The material below holds pictures; leave them out and reproduce exactly the lines from the one with "This mirrored coffee" through the one with "A様この度は、当店にご来店い", inclusive.

» Records for this task
--

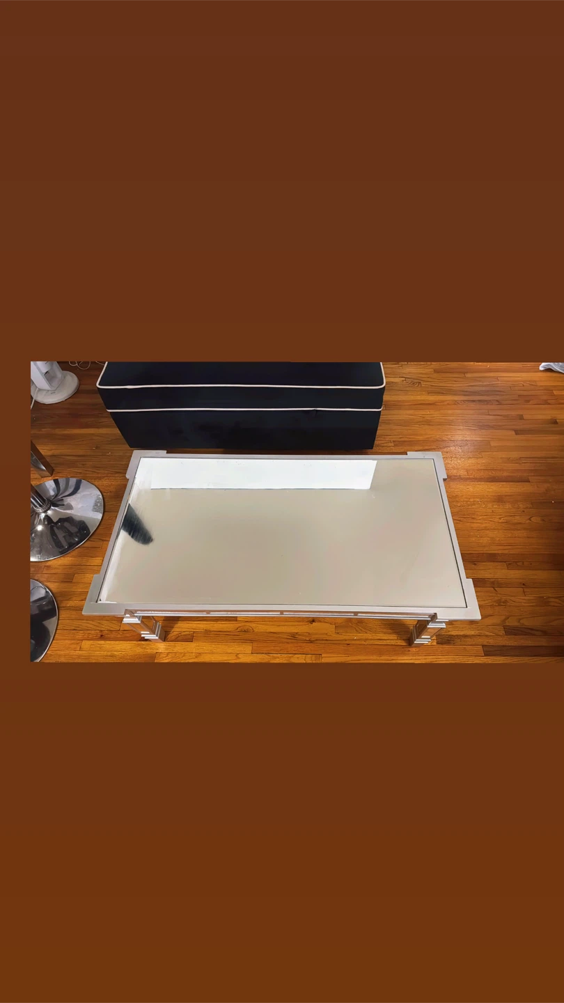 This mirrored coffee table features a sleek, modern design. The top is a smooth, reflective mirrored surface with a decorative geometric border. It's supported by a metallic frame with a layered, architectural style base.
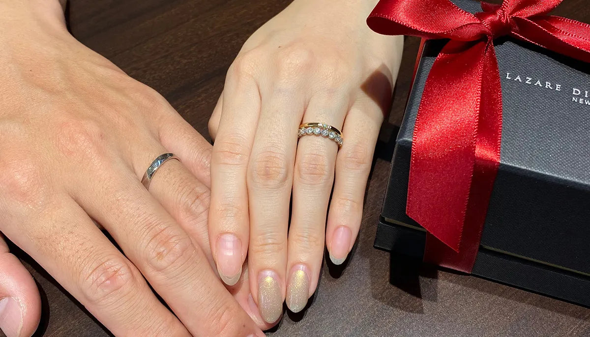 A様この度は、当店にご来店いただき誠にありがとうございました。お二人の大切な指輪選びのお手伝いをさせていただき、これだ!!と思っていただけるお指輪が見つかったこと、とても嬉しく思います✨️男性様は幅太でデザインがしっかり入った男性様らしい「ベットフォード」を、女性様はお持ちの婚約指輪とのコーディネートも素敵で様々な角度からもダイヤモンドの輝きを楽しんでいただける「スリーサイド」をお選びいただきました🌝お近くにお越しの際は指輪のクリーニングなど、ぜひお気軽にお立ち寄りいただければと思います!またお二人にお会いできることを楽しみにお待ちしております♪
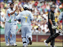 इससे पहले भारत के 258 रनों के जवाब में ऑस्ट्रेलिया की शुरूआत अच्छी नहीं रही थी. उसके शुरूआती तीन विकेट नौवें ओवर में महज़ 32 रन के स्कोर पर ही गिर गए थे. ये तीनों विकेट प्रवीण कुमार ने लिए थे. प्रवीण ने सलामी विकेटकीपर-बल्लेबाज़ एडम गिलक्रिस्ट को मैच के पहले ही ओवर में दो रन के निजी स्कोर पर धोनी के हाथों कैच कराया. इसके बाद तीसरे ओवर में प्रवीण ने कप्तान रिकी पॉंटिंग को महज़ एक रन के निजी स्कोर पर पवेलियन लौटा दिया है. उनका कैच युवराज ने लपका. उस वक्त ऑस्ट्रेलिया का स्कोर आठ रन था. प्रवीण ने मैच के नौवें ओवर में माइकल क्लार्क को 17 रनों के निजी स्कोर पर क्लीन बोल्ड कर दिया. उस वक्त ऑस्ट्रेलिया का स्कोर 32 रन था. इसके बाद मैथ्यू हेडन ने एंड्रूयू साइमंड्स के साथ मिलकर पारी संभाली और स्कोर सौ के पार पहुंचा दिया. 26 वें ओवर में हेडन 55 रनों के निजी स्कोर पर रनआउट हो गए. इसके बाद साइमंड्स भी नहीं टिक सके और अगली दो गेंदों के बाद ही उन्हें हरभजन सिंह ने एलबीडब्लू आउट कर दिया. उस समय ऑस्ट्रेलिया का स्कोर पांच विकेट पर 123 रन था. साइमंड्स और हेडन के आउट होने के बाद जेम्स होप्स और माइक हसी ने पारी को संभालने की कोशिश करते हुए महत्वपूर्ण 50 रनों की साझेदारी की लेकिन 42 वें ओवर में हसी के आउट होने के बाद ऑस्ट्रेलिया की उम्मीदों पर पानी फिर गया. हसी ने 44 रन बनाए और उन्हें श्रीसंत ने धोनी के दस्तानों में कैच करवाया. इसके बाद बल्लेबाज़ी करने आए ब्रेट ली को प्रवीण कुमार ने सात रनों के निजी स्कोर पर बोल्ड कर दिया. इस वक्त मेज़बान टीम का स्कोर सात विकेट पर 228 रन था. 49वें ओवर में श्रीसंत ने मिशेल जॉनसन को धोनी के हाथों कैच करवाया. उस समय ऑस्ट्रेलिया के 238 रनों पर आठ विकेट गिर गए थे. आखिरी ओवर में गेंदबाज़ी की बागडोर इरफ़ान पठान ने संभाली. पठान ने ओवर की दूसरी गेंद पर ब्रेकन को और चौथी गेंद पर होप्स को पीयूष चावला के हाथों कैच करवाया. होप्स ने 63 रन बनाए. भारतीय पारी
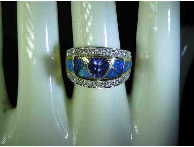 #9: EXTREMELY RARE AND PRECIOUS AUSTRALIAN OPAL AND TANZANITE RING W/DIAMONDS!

--

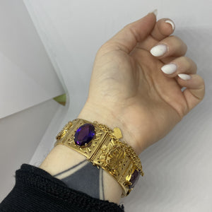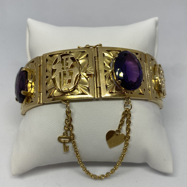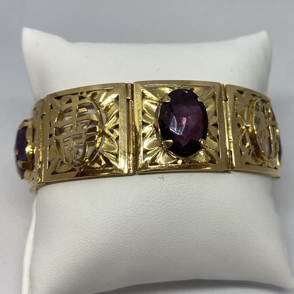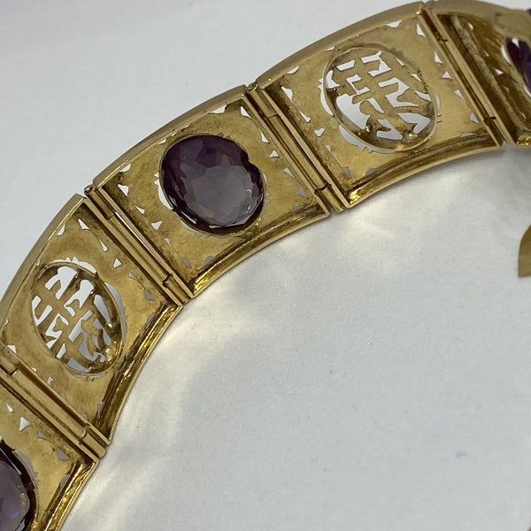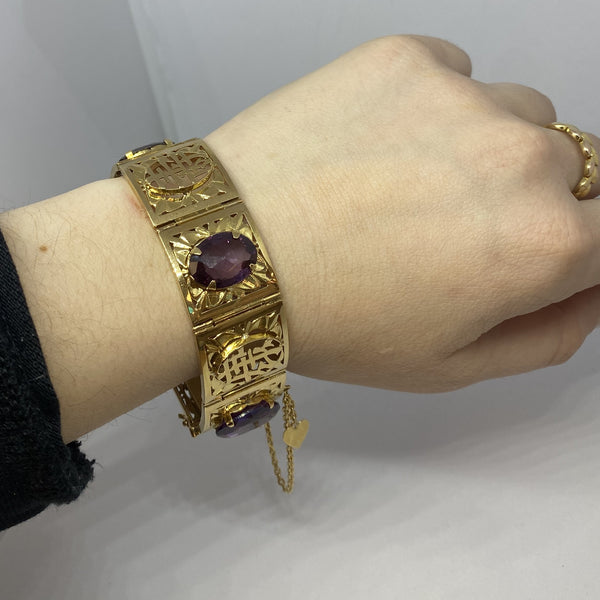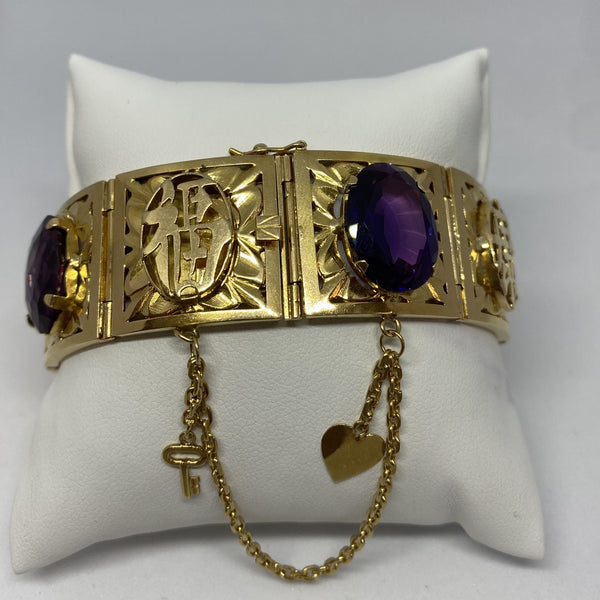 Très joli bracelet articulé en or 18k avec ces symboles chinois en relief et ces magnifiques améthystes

--

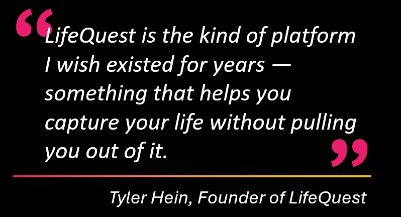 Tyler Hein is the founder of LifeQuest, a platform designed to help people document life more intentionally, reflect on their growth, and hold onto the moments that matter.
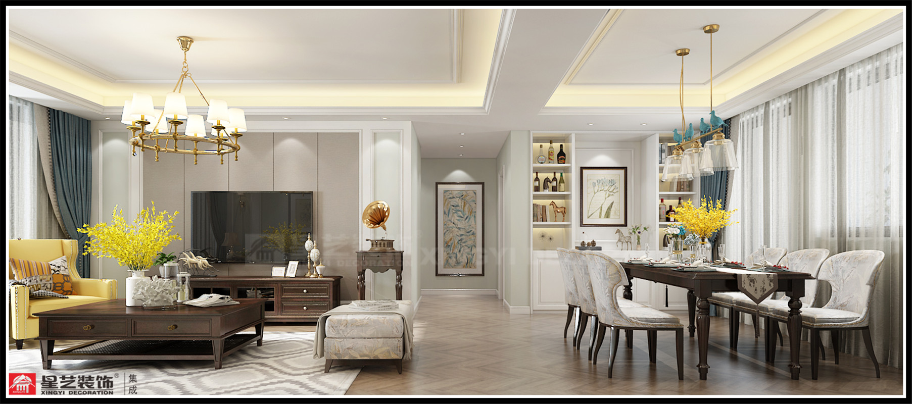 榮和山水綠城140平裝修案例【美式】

--

» Result below
 This mirrored coffee table features a sleek, modern design. The top is a smooth, reflective mirrored surface with a decorative geometric border. It's supported by a metallic frame with a layered, architectural style base.
 A様この度は、当店にご来店いただき誠にありがとうございました。お二人の大切な指輪選びのお手伝いをさせていただき、これだ!!と思っていただけるお指輪が見つかったこと、とても嬉しく思います✨️男性様は幅太でデザインがしっかり入った男性様らしい「ベットフォード」を、女性様はお持ちの婚約指輪とのコーディネートも素敵で様々な角度からもダイヤモンドの輝きを楽しんでいただける「スリーサイド」をお選びいただきました🌝お近くにお越しの際は指輪のクリーニングなど、ぜひお気軽にお立ち寄りいただければと思います!またお二人にお会いできることを楽しみにお待ちしております♪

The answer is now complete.